STORED DATA:
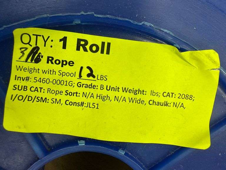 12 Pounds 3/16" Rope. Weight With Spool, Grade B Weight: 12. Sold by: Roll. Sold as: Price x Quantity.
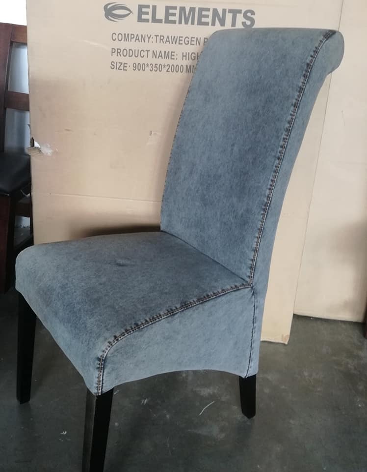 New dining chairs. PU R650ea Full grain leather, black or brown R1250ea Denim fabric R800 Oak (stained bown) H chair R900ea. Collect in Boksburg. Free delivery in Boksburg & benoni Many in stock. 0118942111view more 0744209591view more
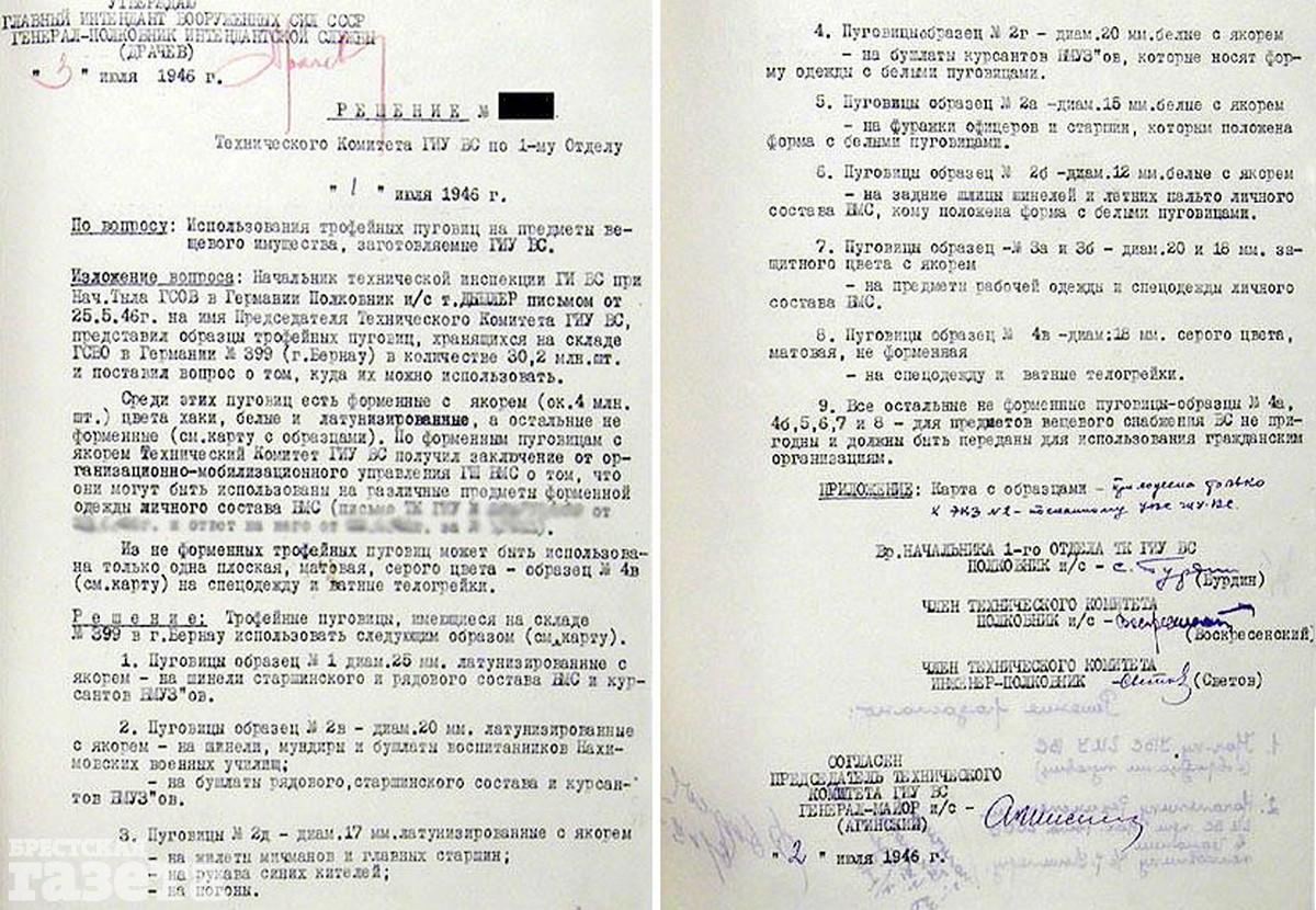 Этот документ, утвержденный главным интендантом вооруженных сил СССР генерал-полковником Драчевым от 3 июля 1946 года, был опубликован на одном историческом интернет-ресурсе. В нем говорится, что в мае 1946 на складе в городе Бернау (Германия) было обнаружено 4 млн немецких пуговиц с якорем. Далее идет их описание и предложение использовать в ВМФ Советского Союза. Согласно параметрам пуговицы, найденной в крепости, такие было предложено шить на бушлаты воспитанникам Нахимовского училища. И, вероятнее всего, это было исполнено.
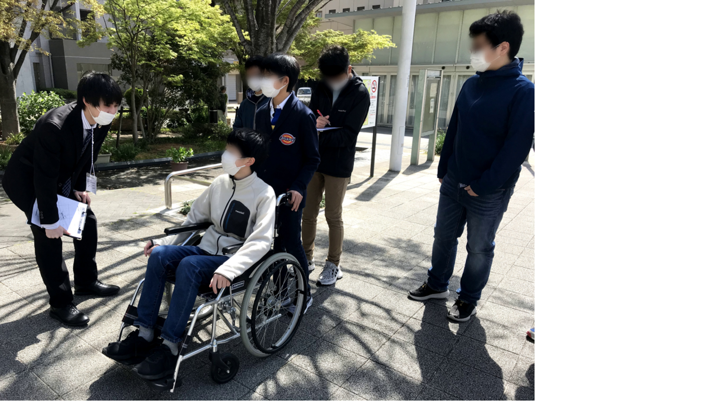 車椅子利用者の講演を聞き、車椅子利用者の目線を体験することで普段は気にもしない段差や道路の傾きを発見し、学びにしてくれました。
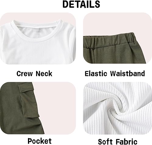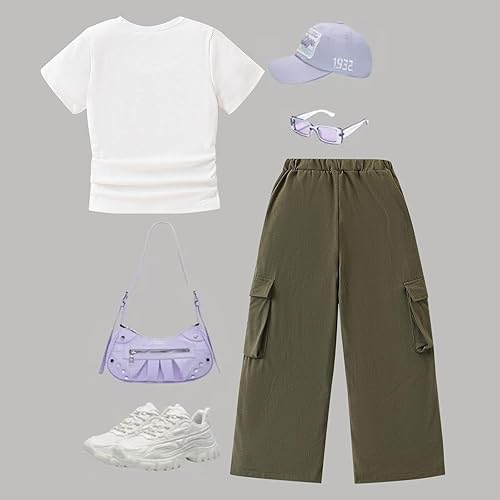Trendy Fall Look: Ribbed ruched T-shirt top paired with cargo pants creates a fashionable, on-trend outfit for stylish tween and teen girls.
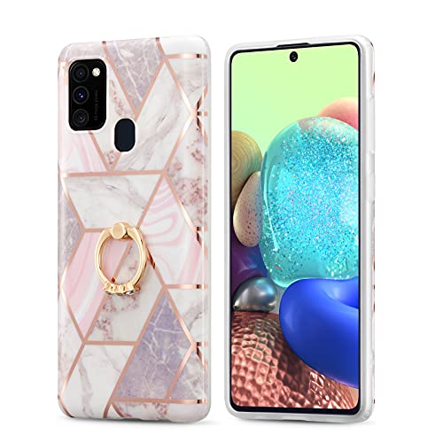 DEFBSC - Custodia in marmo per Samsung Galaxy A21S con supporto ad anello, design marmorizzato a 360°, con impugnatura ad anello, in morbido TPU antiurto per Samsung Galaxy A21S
--
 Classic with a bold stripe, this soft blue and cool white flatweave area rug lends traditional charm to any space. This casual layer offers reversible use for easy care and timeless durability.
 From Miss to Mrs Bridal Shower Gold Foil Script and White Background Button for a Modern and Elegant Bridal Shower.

WORK INSTRUCTIONS: What you return must be the lines above that run from the line with "Classic with a" to the line with "From Miss to", inclusive, each copied exactly.

WRITTEN SOLUTION:
 Classic with a bold stripe, this soft blue and cool white flatweave area rug lends traditional charm to any space. This casual layer offers reversible use for easy care and timeless durability.
 From Miss to Mrs Bridal Shower Gold Foil Script and White Background Button for a Modern and Elegant Bridal Shower.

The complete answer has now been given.